The overall result of this test was that we were able to identify the upper limit of completed assessments per hour through both interfaces, which was 1,682. This was one of the key metrics that needed to be identified.
Based on some of our initial performance requirements, we needed to be able to process 1,200 assessment completions per hour, so we officially met this requirement. This would allow 300 assessors to complete 4 outage assessments every hour, continuously. Obviously this would be very hard to accomplish non-stop, but at least we now know that the system won’t fall over in that ever occurred. In fact, it turns out that we could handle a little more, about 400 outage assessment completions per hour more. The even better news is that this performance test started with over 56,000 outages in the GSI Scout database, which was a fairly large amount of data.
A Bonus Test
As icing on the cake, about a week later one of the operating companies ran another large storm simulation in their OMS and we ended up keeping the OMS to GSI Scout interface turned on. We left the GSI Scout database as is with over 56,000 in it and scaled the services up to the “moderate” level.
The storm simulation ran for 17 hours and created about 17,000 new outages. The GSI Scout System Bridge Web Service handling requests from OMS processed about 25,120 requests with an average response time of 314 milliseconds with no performance degradation identified.
After the test was complete the GSI Scout database had over 73,000 in it.
Wrapping It All Up
There is one more performance test scheduled later this month that will include all of the automation components on a large scale. Before this next performance test we plan on “resetting” the system by clearing out all of the existing outage data to simulate the true beginning of a large storm. Given that these GSI Scout interfaces have already performed very well with over 73,000 outages in it, we should be in pretty good shape.
The current plan is to start rolling these new interfaces out in a couple of months. User Acceptance Testing in already underway, in parallel with Performance Testing and both efforts seems to be going very well.

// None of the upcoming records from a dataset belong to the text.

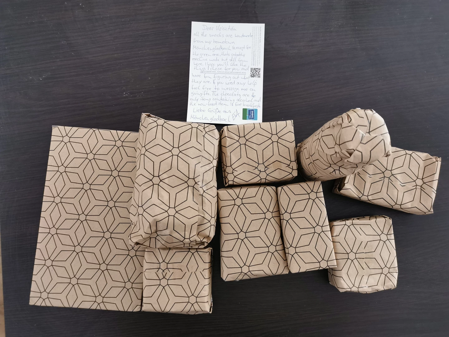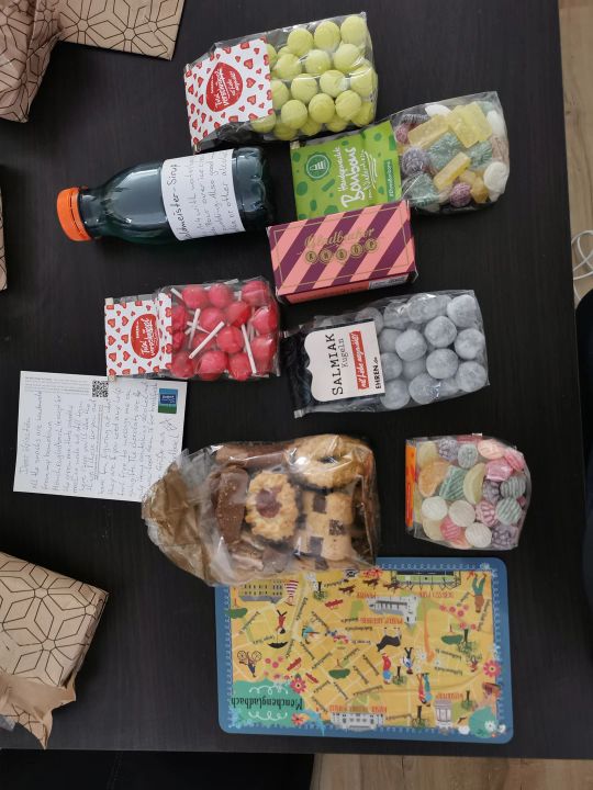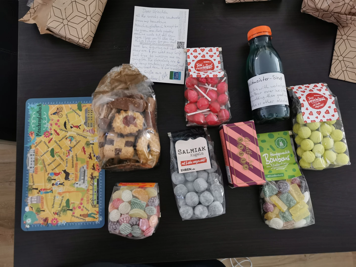 My German gifter got me a nice pack of local handmade sweets from her hometown. They look pretty delicious, can't wait to try them all. I also received a non-food item, which is a breakfast tray(?). I'm not sure what's the right expression for it. Anyway, it's a map of the city with a really nice graphic, I love it.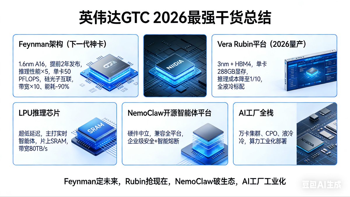 还有个狠活是开源的NemoClaw平台,相当于英伟达版的安卓,不强制你用它家芯片,谁都能用,这步棋太绝了,以前是卖铲子,现在直接给全行业定规矩,大佬都喜欢定规矩……最后还放了个大招,提前2年亮了下一代1.6nm的Feynman架构,连笔记本CPU都下场做了,直接抢Intel和AMD的饭碗。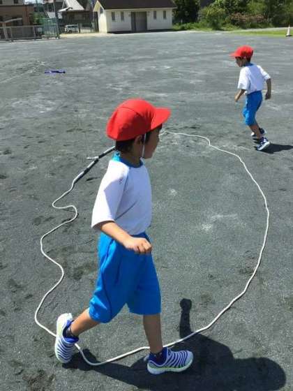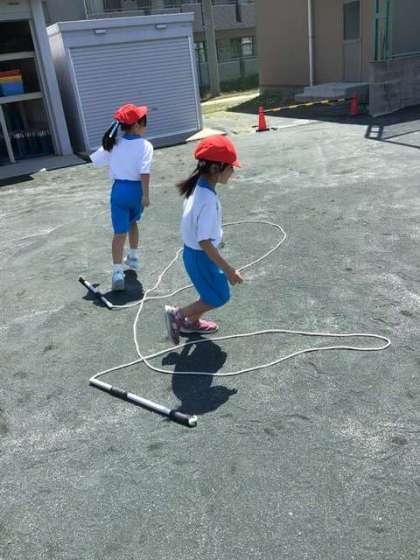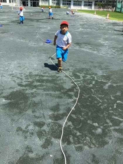 今日は、だんだん気温が上がってきていたので、15分という短い時間で体育を行いました。長縄を使って、自分たちの走るコースを作りました。ぐねぐね道やジクザグ道などいろいろなコースを試していました。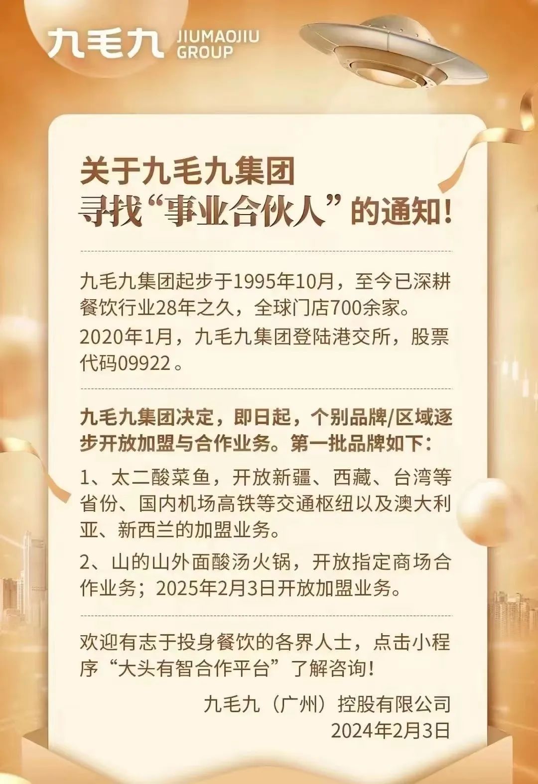 2024年2月3日,九毛九宣布自2024年2月1日起,逐步開(kāi)放旗下太二酸菜魚(yú)和山的山外面酸湯火鍋的加盟與合作業(yè)務(wù),這標(biāo)志著九毛九從以直營(yíng)為主向多元經(jīng)營(yíng)模式轉(zhuǎn)變。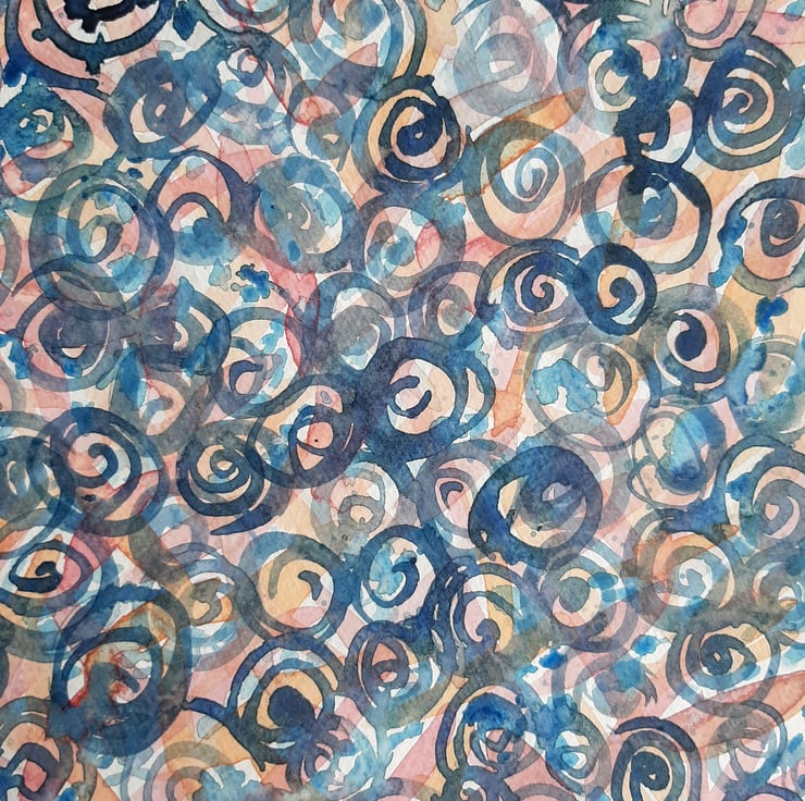 The original collage depicts a bunch of tulips and a border, all cut from one piece of painted paper. The painted swirls of the original painting is quite different colours from the usual green leaves and purple or pink or red flowers, but I enjoy the surprise of this. The background is khadi paper which is a thick textured paper made from cotton rags. The highlights of the textures are picked up in the print.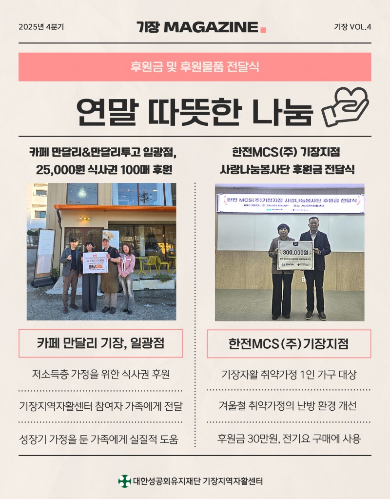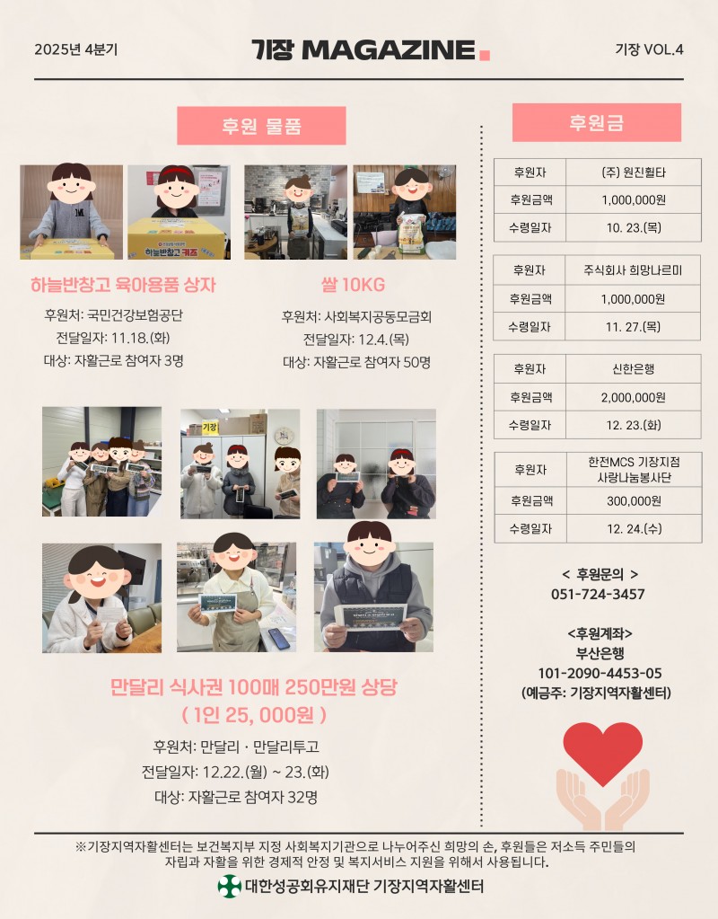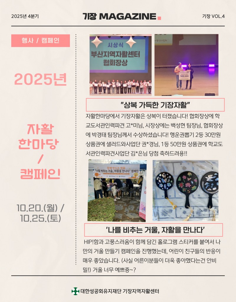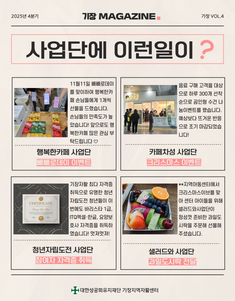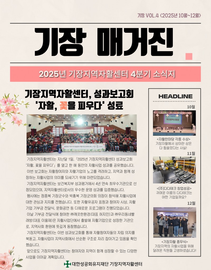 2025년도 4분기 기장지역자활센터 웹진 페이지 정보 작성자 최고관리자 작성일26-01-09 17:38 조회478회 관련링크 https://stib.ee/cdsK 188회 연결 이전글 다음글 목록 본문 이전글 다음글 목록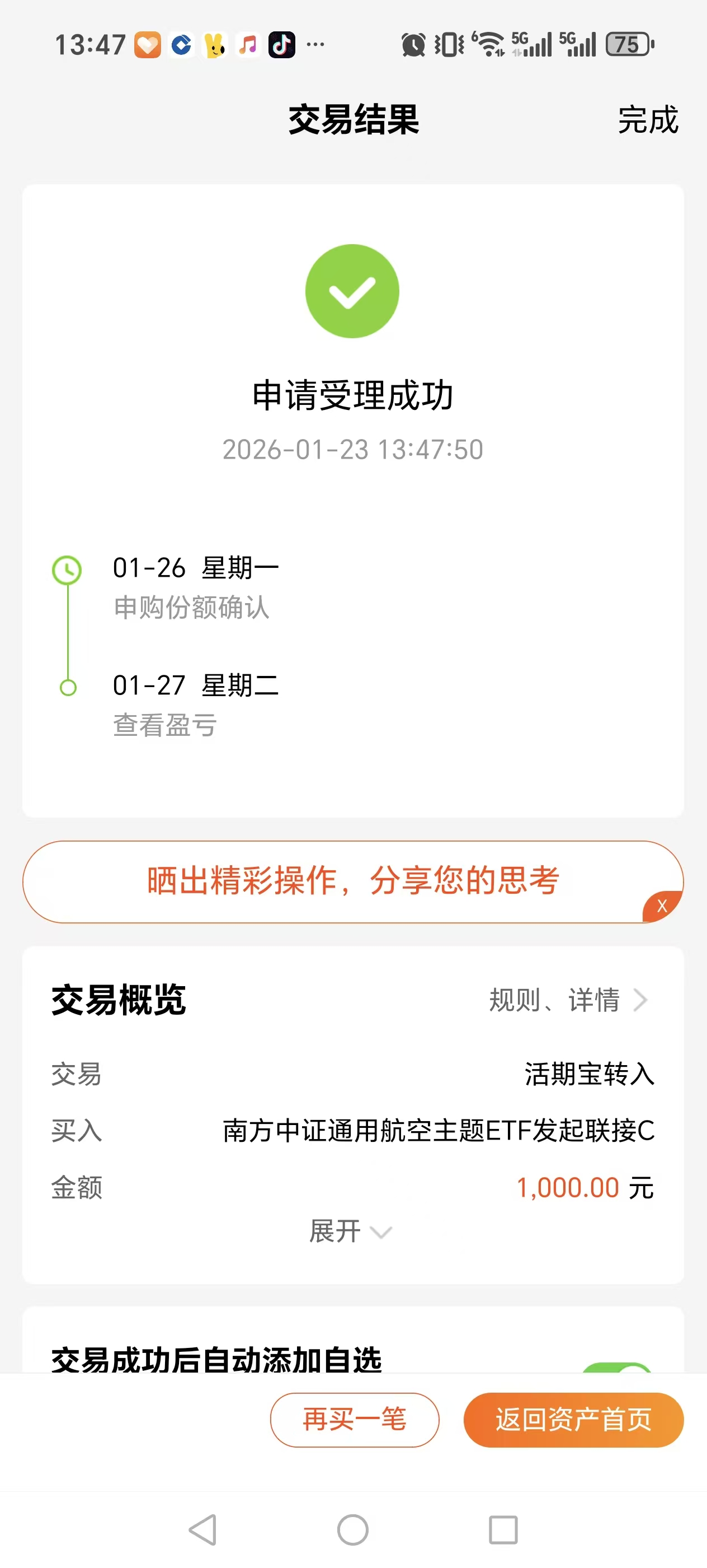 买入 $南方中证通用航空主题ETF发起联接C$ 1000元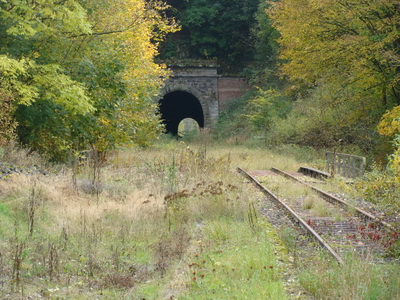 Das Nordportal des großen Ittertunnels aus Blickrichtung des ehem. Bahnhofs „Itter“. Vor dem Tunnel die Brücke über die Itter.

Performance and load testing is a key component to any large system integration project. It is very effort intensive, but the results of these tests are priceless. Any performance problems identified during performance testing will be further insurance against system failure under even the highest loading in the production setting. It certainly isn’t the real world where anything can happen, but it is a chance to account for the known criteria and make sure the system will respond positively to that criteria.